Keywords: asthma, panic disorder, quality of life, health care-seeking behavior

Introduction

Panic disorder (PD) is the most frequently diagnosed anxiety disorder associated with medical illnesses (1). Recent population-based studies have shown that adults with asthma are more likely to have PD (2) and panic attacks (3) than adults without asthma. The prevalence rate of PD among patients with asthma has been estimated to range between 6.5 and 24%, depending on the sample studied (48). In contrast, the 1-year prevalence rate of PD is between 1 and 2% among the general population in the United States (9, 10).

PD is characterized by recurrent unexpected panic attacks accompanied by anxious apprehension over their recurrence, anxiety about the implications of these attacks, or a behavior change in response to the episodes (11). Symptoms characteristic of panic attacks, such as dyspnea, overlap with symptoms of asthma; therefore, PD may contribute to asthma morbidity. Asthma and PD may work synergistically to increase the severity of both. Symptoms of panic may be mistaken for symptoms of asthma or exaggerate sensations of breathlessness in the presence of bronchospasm. This may lead to increased use of β2-agonists, which can result in further increases in sympathetic arousal and panic symptoms (12, 13). Oral cortico-steroids (14) and theophylline-based medications (15) may also contribute to anxiety symptoms.

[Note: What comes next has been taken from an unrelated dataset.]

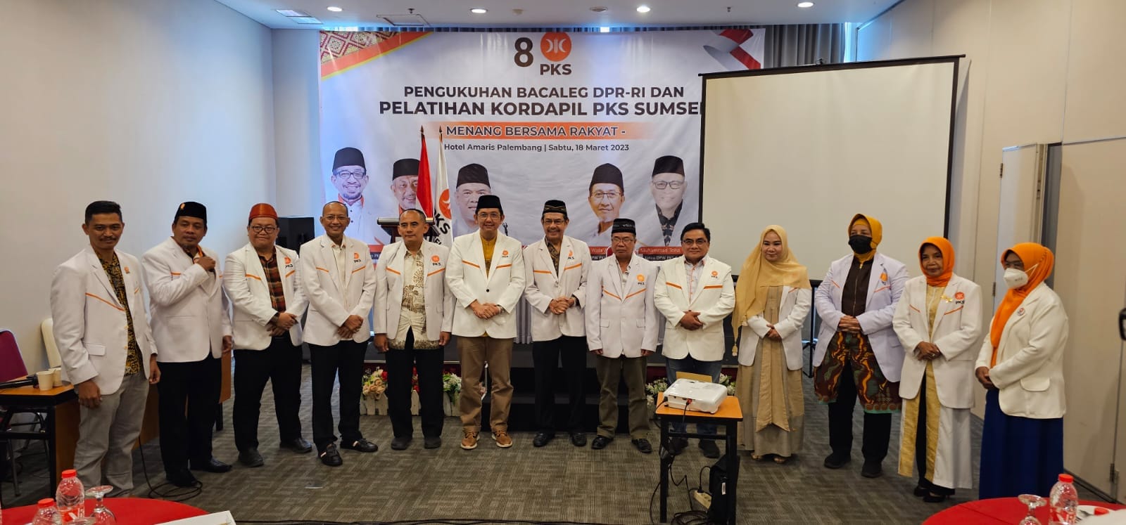 PKS Sumsel Gelar Acara Pengukuhan Bacaleg DPR RI dan Pelatihan Kordapil Menuju Pemenangan Pemilu 2024. Bertempat di Hotel Amaris, Sabtu (18/03/2023)Malam.

Conversely, panic may exacerbate asthma by interfering with proper self-management strategies. Generalized panic-fear, a personality construct that reflects anxiety extending beyond asthma symptoms, has been identified as a maladaptive trait for self-management of asthma. Patients with asthma who have high levels of generalized panic-fear have been shown to overuse β2-agonist medication (16), receive more intensive corticosteroid regimens (17), have longer hospitalizations (18), and more frequent hospital readmissions for asthma (19). These effects have all been independent of objective pulmonary function measurements. More recent studies have shown that patients with asthma and comorbid psychological symptoms also have high rates of health services use for asthma (20) and low asthma-related quality of life (21). However, these previous studies have relied on self-report measures of depressive or anxiety symptoms, as opposed to clinical diagnostic interviews to assess psychological disorders.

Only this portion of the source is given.